Activity: Filter the entries that follow, copying every line in which the word "Thanksgiving" appears.

Dataset entries:

☆ ☆ ☆ ☆

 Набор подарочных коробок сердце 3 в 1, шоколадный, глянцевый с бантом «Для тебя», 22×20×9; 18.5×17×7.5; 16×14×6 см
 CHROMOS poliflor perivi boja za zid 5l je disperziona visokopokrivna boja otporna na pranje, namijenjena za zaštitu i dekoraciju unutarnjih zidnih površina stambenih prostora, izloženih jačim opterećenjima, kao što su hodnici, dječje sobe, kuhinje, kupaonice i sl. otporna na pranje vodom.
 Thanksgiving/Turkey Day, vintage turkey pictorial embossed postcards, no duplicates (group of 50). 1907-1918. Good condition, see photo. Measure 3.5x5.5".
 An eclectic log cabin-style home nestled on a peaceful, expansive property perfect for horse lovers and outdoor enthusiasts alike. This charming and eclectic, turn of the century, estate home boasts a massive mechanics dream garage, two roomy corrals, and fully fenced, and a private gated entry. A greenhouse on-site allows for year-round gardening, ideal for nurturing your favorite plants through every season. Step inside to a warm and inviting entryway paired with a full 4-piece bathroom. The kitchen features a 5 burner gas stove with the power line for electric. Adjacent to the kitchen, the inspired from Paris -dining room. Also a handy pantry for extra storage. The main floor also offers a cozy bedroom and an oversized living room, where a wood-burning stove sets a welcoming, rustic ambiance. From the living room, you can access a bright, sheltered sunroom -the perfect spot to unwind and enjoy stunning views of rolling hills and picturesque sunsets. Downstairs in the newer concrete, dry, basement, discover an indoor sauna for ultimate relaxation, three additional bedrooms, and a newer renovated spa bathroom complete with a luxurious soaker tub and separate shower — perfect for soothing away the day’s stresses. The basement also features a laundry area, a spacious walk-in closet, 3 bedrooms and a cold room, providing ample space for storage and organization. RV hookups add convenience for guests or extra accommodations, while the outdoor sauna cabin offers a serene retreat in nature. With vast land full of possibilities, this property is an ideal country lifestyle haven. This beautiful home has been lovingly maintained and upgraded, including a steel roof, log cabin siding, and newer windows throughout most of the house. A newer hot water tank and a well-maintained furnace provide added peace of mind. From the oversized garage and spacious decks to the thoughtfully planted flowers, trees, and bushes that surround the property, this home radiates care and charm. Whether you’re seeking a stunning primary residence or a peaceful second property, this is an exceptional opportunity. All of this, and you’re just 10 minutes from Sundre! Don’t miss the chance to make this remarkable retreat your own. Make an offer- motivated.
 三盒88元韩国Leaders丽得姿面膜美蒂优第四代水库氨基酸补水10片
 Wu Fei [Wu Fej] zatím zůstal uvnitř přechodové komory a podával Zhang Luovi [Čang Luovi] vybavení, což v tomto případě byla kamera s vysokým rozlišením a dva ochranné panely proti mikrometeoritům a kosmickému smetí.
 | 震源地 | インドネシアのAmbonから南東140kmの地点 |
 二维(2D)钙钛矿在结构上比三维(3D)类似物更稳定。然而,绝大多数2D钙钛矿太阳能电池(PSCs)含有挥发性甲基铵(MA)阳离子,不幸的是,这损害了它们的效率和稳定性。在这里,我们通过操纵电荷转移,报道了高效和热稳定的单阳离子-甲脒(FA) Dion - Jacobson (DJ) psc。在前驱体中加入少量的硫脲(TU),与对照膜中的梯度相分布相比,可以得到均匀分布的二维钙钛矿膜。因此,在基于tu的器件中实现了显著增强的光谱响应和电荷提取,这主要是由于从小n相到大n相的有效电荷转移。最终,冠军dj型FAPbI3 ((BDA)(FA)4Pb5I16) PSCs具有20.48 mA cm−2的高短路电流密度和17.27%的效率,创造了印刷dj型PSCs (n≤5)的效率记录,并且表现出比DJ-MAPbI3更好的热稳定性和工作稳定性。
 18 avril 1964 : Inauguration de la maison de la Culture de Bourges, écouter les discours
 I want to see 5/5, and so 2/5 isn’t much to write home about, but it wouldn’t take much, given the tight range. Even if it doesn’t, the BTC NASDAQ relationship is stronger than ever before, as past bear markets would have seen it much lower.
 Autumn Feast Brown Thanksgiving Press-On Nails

☆ ☆ ☆ ☆

The completed task:
 Thanksgiving/Turkey Day, vintage turkey pictorial embossed postcards, no duplicates (group of 50). 1907-1918. Good condition, see photo. Measure 3.5x5.5".
 Autumn Feast Brown Thanksgiving Press-On Nails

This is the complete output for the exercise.